◆ **SUPPLIED MATERIAL**:
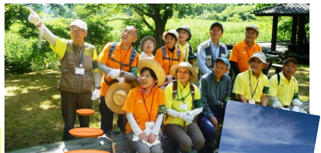
私たちと一緒に塩原の自然・四季を楽しみましょう！
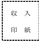
※印紙税額は裏面参照
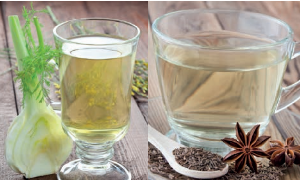
Tees mit Fenchel, Kümmel und Anis wirken gut gegen Blähungen.
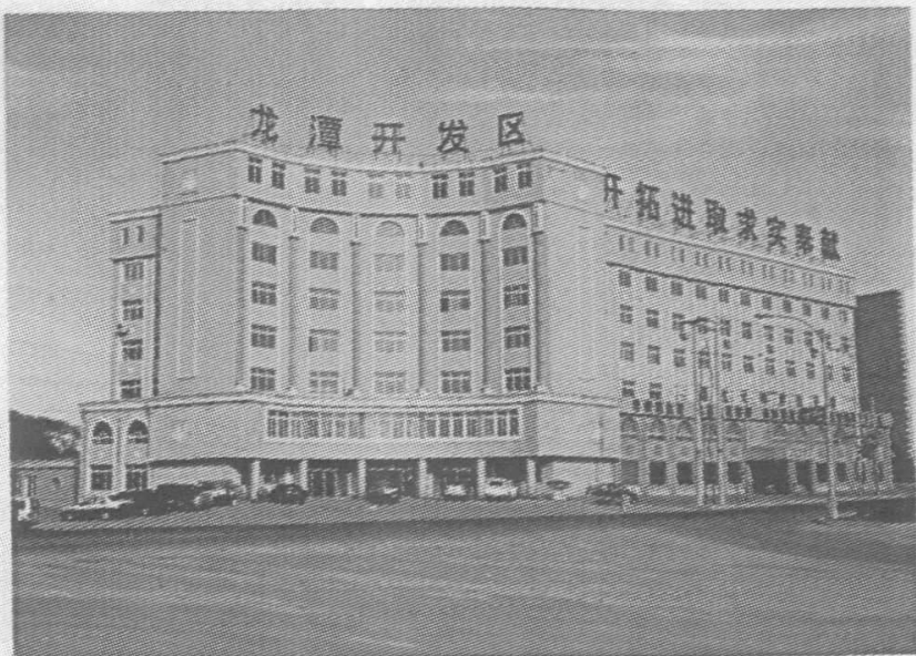
龙潭区经济开发区办公大楼

◆ **HOW TO COMPLETE THIS TASK**:
Which lines run from the one containing "Tees mit Fenchel, Kümmel" to the end of the data above? Set down those lines exactly, and only those, without any pictures.

◆ **SOLUTION BELOW**:
Tees mit Fenchel, Kümmel und Anis wirken gut gegen Blähungen.
龙潭区经济开发区办公大楼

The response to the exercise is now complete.